◆ **TASK TO CARRY OUT**: Nothing but the lines from the first line of the entries through the line with "Plano del campo" should appear in the answer, transcribed exactly and free of pictures.

((

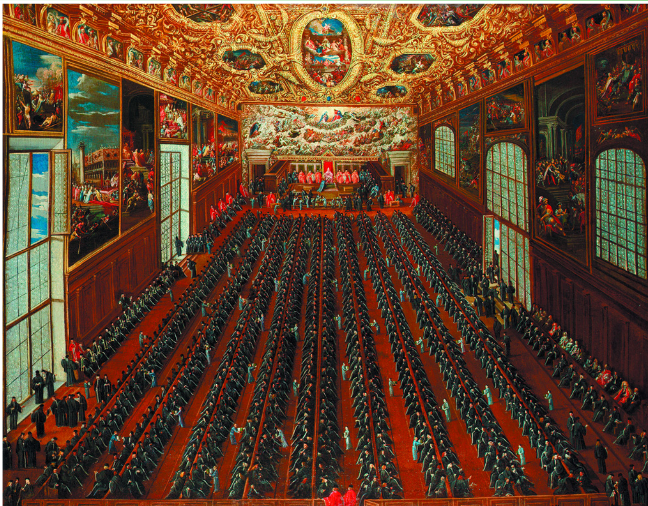
Заседание Большого Совета Венеции во Дворце дожей. Худ. Джозеф Хайнц Старший. 1678 г. Галерея аукционного дома «Christie's», Лондон.
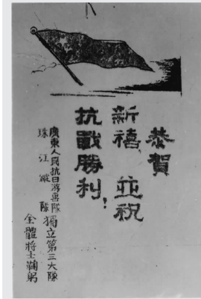
珠江纵队独立第三大队成立时印发“恭贺新禧，并祝抗战胜利”的贺年卡片
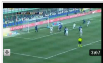
Video gol highlights Inter Cagliari 3-0 - 23a gio... 觀看次數：13,260 DJPUPATORINO ★★★★☆
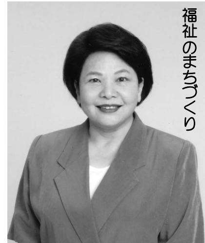
福祉のまちづくり
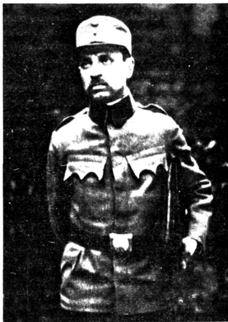
Рильке на военной службе. Вена. 1906 год
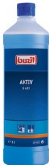
Buzil Aktiv G 433 (1L)
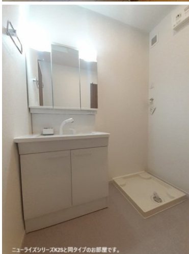
ニューライズシリーズK2Sと同タイプのお部屋です。
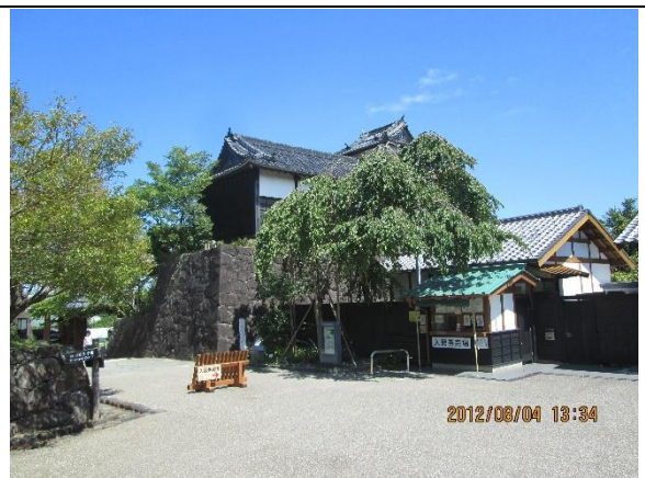
[2 日目巡検地 No,6]掛川城…掛川市は掛川茶でも有名だが、駅北側にある掛川城は今川氏の遠江進出の足掛かりに朝比奈氏に築城させた城。新幹線からも見える。
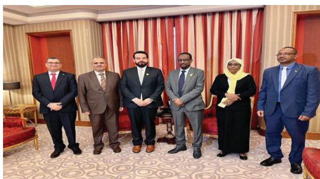
بغداد - المواطن

بحث مدير عام دار المخطوطات العراقية في وزارة الثقافة أحمد كريم العلياي مع خالد علي الأعيسر وزير الثقافة والإعلام في جمهورية السودان العلاقات التاريخية وتبادل الخبرات في مجال الاختصاص بين البلدين .
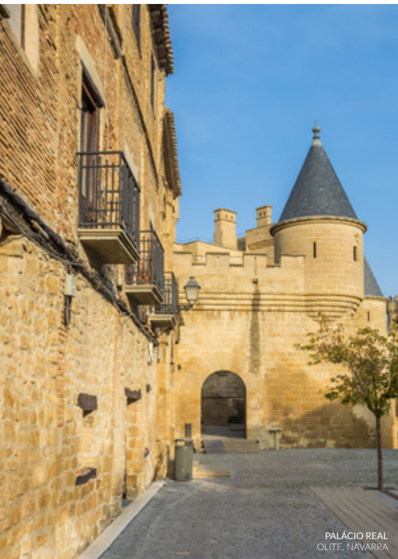
PALÁCIO REAL OLITE, NAVARRA
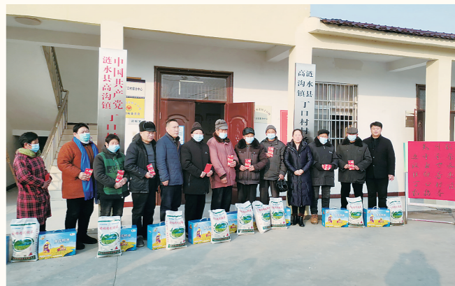
中华财险淮安中支赴涟水县高沟镇丁口村走访慰问

据介绍,经过多年的培养和磨炼,中华财险淮安中支打造了一支1300余人的农险经营专业团队,具体落实展业、核保、出单、查勘、核赔、定损、财务、统计、档案等工作。全辖内勤、外勤、法务协调配合,业务娴熟、技能精湛、操作规范,保证了从承保到理赔的高效快捷服务。值得一提的是,目前,中华财险淮安中支是唯一一家在全市建立了县(区)有机构、镇(街道)有服务站、村有服务点、镇村有专兼职农险协保员的农业保险服务网络体系的保险机构,为宣传政府惠农政策、提供便民服务、打通“三农”服务“最后一公里”、实现我市农业保险高质量发展提供了有力保障。
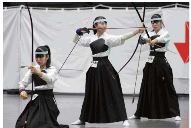
女子団体 第3位 作新学院高等学校
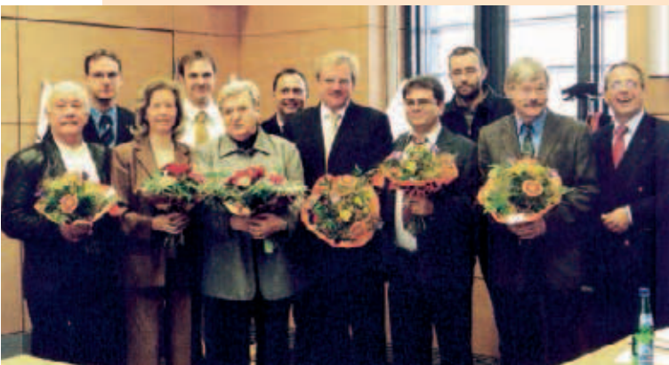
▲ Aktiv für Sachsen-Anhalt: das erweiterte Präsidium
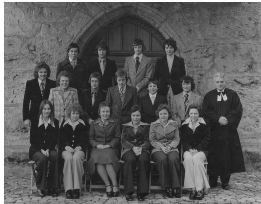
Konfirmation Jhg 1959
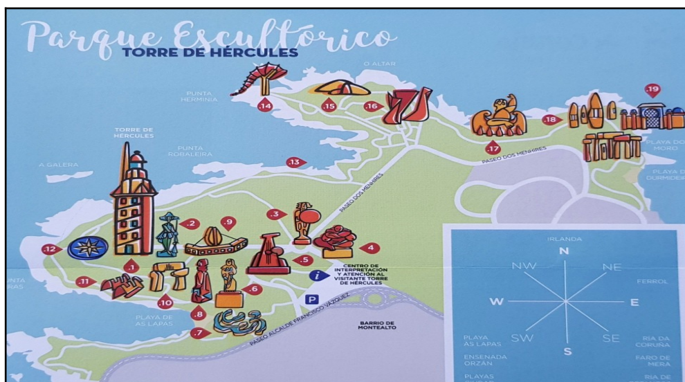
Plano del campo escultórico. Disponible en la sección de Documentos de la página web de Turismo da Coruña: https://www.turismocoruna.com/media/documentos/Parque%20escultorico%20ESP_web2019.pdf .

si quieres acercarte a descubrir sus secretos, puedes hacerlo siguiendo alguna de estas tres rutas: la de la Torre, la de Punta Herminia y la de los Menhires. Están señalizadas y encontrarás paneles informativos en todas ellas. Algunas partes de estos caminos están hechos de tierra y no son accesibles. Si tú o la persona que te acompaña no podéis seguirlos, no te preocupes. El paseo marítimo bordea todo el Campo Escultórico, seguro que podrás ver muchas de las esculturas desde allí.

))

◆ **PROBLEM SOLUTION**:
Заседание Большого Совета Венеции во Дворце дожей. Худ. Джозеф Хайнц Старший. 1678 г. Галерея аукционного дома «Christie's», Лондон.
珠江纵队独立第三大队成立时印发“恭贺新禧，并祝抗战胜利”的贺年卡片
Video gol highlights Inter Cagliari 3-0 - 23a gio... 觀看次數：13,260 DJPUPATORINO ★★★★☆
福祉のまちづくり
Рильке на военной службе. Вена. 1906 год
Buzil Aktiv G 433 (1L)
ニューライズシリーズK2Sと同タイプのお部屋です。
[2 日目巡検地 No,6]掛川城…掛川市は掛川茶でも有名だが、駅北側にある掛川城は今川氏の遠江進出の足掛かりに朝比奈氏に築城させた城。新幹線からも見える。
بغداد - المواطن

بحث مدير عام دار المخطوطات العراقية في وزارة الثقافة أحمد كريم العلياي مع خالد علي الأعيسر وزير الثقافة والإعلام في جمهورية السودان العلاقات التاريخية وتبادل الخبرات في مجال الاختصاص بين البلدين .
PALÁCIO REAL OLITE, NAVARRA
中华财险淮安中支赴涟水县高沟镇丁口村走访慰问

据介绍,经过多年的培养和磨炼,中华财险淮安中支打造了一支1300余人的农险经营专业团队,具体落实展业、核保、出单、查勘、核赔、定损、财务、统计、档案等工作。全辖内勤、外勤、法务协调配合,业务娴熟、技能精湛、操作规范,保证了从承保到理赔的高效快捷服务。值得一提的是,目前,中华财险淮安中支是唯一一家在全市建立了县(区)有机构、镇(街道)有服务站、村有服务点、镇村有专兼职农险协保员的农业保险服务网络体系的保险机构,为宣传政府惠农政策、提供便民服务、打通“三农”服务“最后一公里”、实现我市农业保险高质量发展提供了有力保障。
女子団体 第3位 作新学院高等学校
▲ Aktiv für Sachsen-Anhalt: das erweiterte Präsidium
Konfirmation Jhg 1959
Plano del campo escultórico. Disponible en la sección de Documentos de la página web de Turismo da Coruña: https://www.turismocoruna.com/media/documentos/Parque%20escultorico%20ESP_web2019.pdf .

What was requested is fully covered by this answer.